Commit 7f7a958a authored by Martin KaFai Lau's avatar Martin KaFai Lau
Browse files

Merge branch 'add-a-dynptr-type-for-skb-metadata-for-tc-bpf'

Jakub Sitnicki says:

====================
Add a dynptr type for skb metadata for TC BPF

TL;DR
-----

This is the first step in an effort which aims to enable skb metadata
access for all BPF programs which operate on an skb context.

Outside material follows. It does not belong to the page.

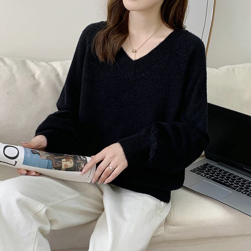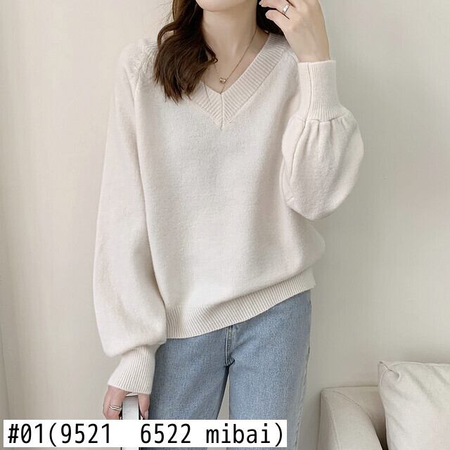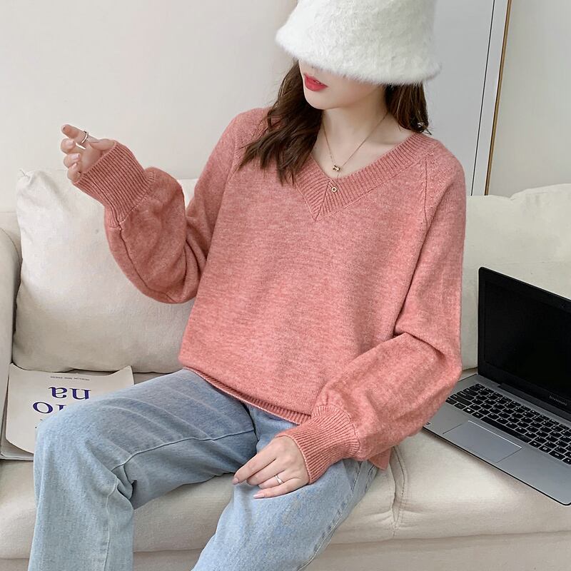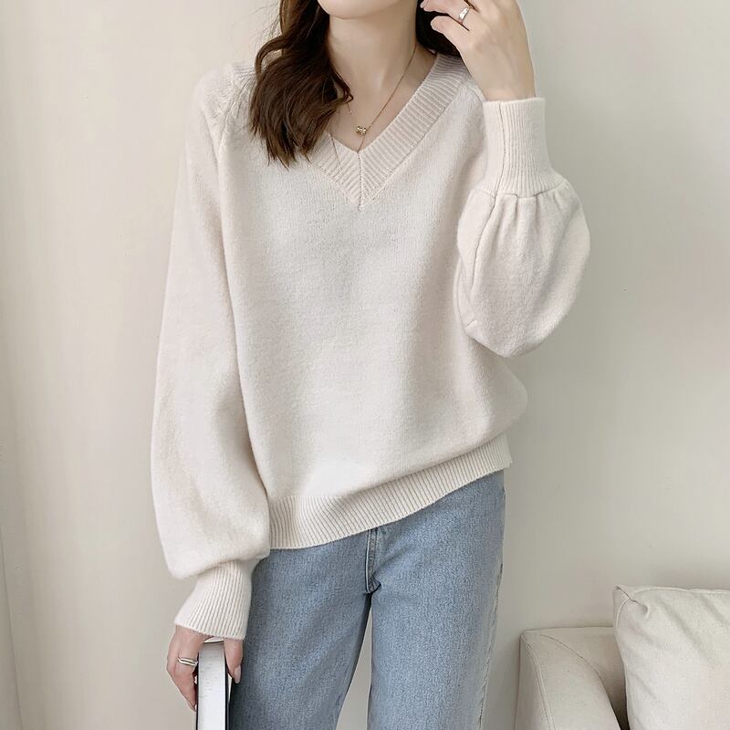 セーター春秋カジュアルルーズニットセーターアウター韓国 V ネックパフスリーブプルオーバー スプリング 春物 オータム 秋物 Vネック ソリッドカラー

By skb metadata we mean the custom metadata area which can be allocated
from an XDP program with the bpf_xdp_adjust_meta helper [1]. Network stack
code accesses it using the skb_metadata_* helpers.

Changelog
---------
Changes in v7:
- Make dynptr read-only for cloned skbs for now. (Martin)
- Extend tests for skb clones to cover writes to metadata.
- Drop Jesse's review stamp for patch 2 due to an update.
- Link to v6: https://lore.kernel.org/r/20250804-skb-metadata-thru-dynptr-v6-0-05da400bfa4b@cloudflare.com

Changes in v6:
- Enable CONFIG_NET_ACT_MIRRED for bpf selftests to fix CI failure
- Switch from u32 to matchall classifier, which bpf selftests already use
- Link to v5: https://lore.kernel.org/r/20250731-skb-metadata-thru-dynptr-v5-0-f02f6b5688dc@cloudflare.com

Changes in v5:
- Invalidate skb payload and metadata slices on write to metadata. (Martin)
- Drop redundant bounds check in bpf_skb_meta_*(). (Martin)
- Check for unexpected flags in __bpf_dynptr_write(). (Martin)
- Fold bpf_skb_meta_{load,store}_bytes() into callers.
- Add a test for metadata access when an skb clone has been modified.
- Drop Eduard's Ack for patch 3. Patch updated.
- Keep Eduard's Ack for patches 4-8.
- Add Jesse's stamp from an internal review.
- Link to v4: https://lore.kernel.org/r/20250723-skb-metadata-thru-dynptr-v4-0-a0fed48bcd37@cloudflare.com

Changes in v4:
- Kill bpf_dynptr_from_skb_meta_rdonly. Not needed for now. (Marin)
- Add a test to cover passing OOB offsets to dynptr ops. (Eduard)
- Factor out bounds checks from bpf_dynptr_{read,write,slice}. (Eduard)
- Squash patches:
      bpf: Enable read access to skb metadata with bpf_dynptr_read
      bpf: Enable write access to skb metadata with bpf_dynptr_write
      bpf: Enable read-write access to skb metadata with dynptr slice
- Kept Eduard's Acks for v3 on unchanged patches.
- Link to v3: https://lore.kernel.org/r/20250721-skb-metadata-thru-dynptr-v3-0-e92be5534174@cloudflare.com

Changes in v3:
- Add a kfunc set for skb metadata access. Limited to TC BPF. (Martin)
- Drop patches related to skb metadata access outside of TC BPF:
      net: Clear skb metadata on handover from device to protocol
      selftests/bpf: Cover lack of access to skb metadata at ip layer
      selftests/bpf: Count successful bpf program runs
- Link to v2: https://lore.kernel.org/r/20250716-skb-metadata-thru-dynptr-v2-0-5f580447e1df@cloudflare.com

Changes in v2:
- Switch to a dedicated dynptr type for skb metadata (Andrii)
- Add verifier test coverage since we now touch its code
- Add missing test coverage for bpf_dynptr_adjust and access at an offset
- Link to v1: https://lore.kernel.org/r/20250630-skb-metadata-thru-dynptr-v1-0-f17da13625d8@cloudflare.com

Overview
--------

Today, the skb metadata is accessible only by the BPF TC ingress programs
through the __sk_buff->data_meta pointer. We propose a three step plan to
make skb metadata available to all other BPF programs which operate on skb
objects:

 1) Add a dynptr type for skb metadata (this patch set)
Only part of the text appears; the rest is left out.